Haggis pakora is a Scottish snack food that combines traditional Scottish haggis ingredients with the spices, batter and preparation method of Indian and Pakistani pakoras. It has become a popular food in Indian and Pakistani restaurants in Scotland, and is also available in prepared form in supermarkets.

Origins

Haggis pakora has been described as a "highly improbable Indo-Caledonian alliance making use of the Scots' most potent culinary weapons: sheep pluck (heart, liver and lungs) and deep-fat frying." It has more fondly been called "an inspired example of Indo-Gael fusion". Haggis pakoras are just one of the many haggis fusion foods that have arisen in recent years. Others include haggis samosas, haggis spring rolls, haggis lasagna and haggis quesadillas. Often these use vegetarian haggis rather than the traditional haggis made from a sheep's stomach stuffed with the chopped up lung, heart and liver of the sheep mixed with oatmeal.

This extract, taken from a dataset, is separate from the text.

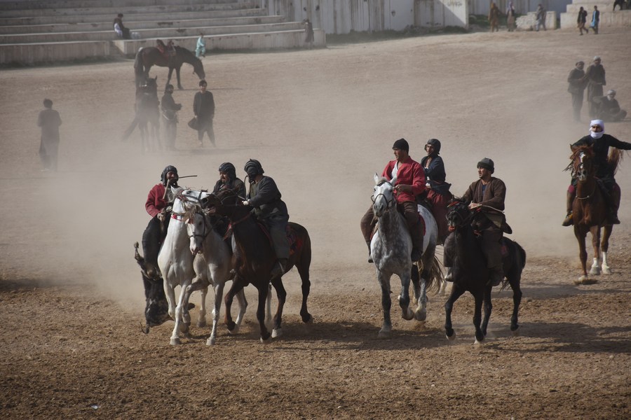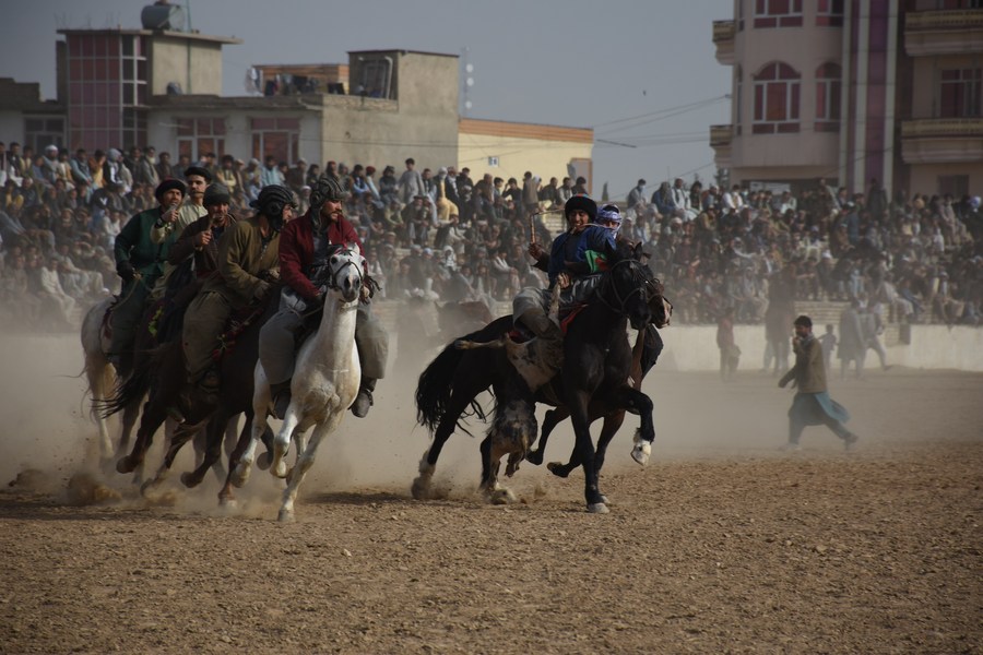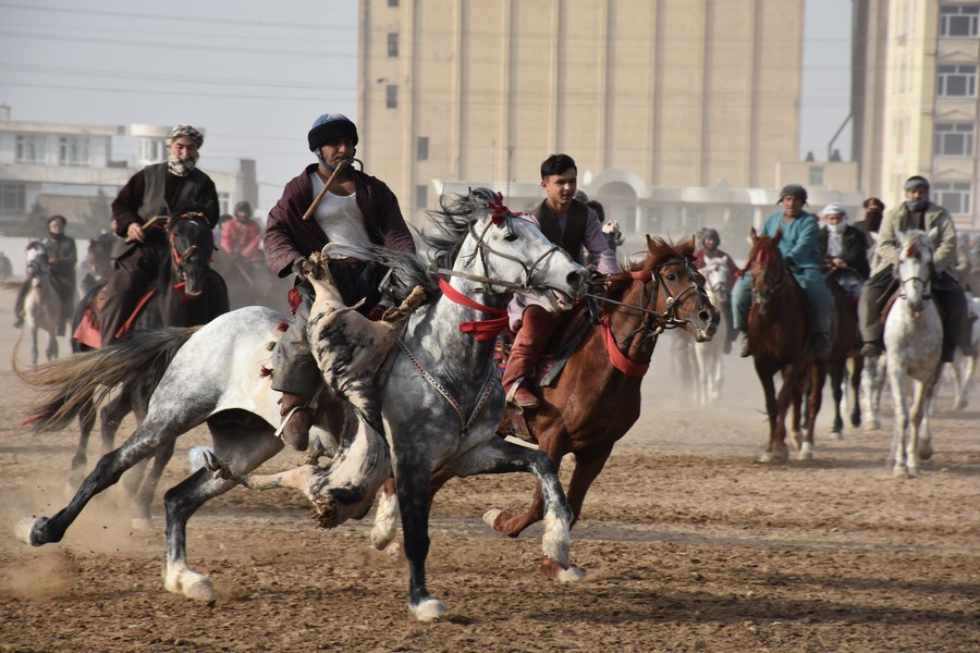 KABUL, March 23 (Xinhua) -- Buzkashi, meaning "goat grabbing," is a centuries-old traditional game in Afghanistan, in which skilled horse riders of rival teams compete to take the slaughtered goat or calf and throw it in a circle fixed on the Buzkashi ground.

The dish appears to have been the creation of the Sikh community during a Scottish Mela held at the SEC in 1992–3, where, with collaboration with the Exec. Chef at the time Bill McMeekin, he was asked for ideas on how to combine Scottish produce and Indian culinary influences. During some practical experiments, it was found that haggis could be used in the same way as other pakora ingredients. Haggis pakoras have become popular appetizers in Indian restaurants in Scotland, where they appeal to what an English food writer (Felicity Cloake) sneeringly described as “the Scottish predilection for deep-frying anything that will stay still long enough to be dunked in batter”. In 2013, it was reported that a Greenock meat products company had launched prepared haggis pakoras. The product had won the  Best Innovative Product prize at the BPEX Foodservice Awards 2013. The Scottish celebrity chef Tony Singh served haggis pakora at a pop-up restaurant during the 2015 Edinburgh Festival.

Preparation

The haggis is cooked in its skin in the normal way. The skin is discarded and the contents (meat, oats, etc.) broken up with a fork.
The mixture may be spiced with ginger, cumin seeds, coriander seeds, turmeric and garam masala.
A thick batter is made of gram flour, chili powder, cumin, salt, yogurt and lemon juice.
The meat is shaped into balls, coated with the batter and then deep fried in oil.
The pakora is fried for 3–4 minutes, and is ready when the batter is crisp and golden.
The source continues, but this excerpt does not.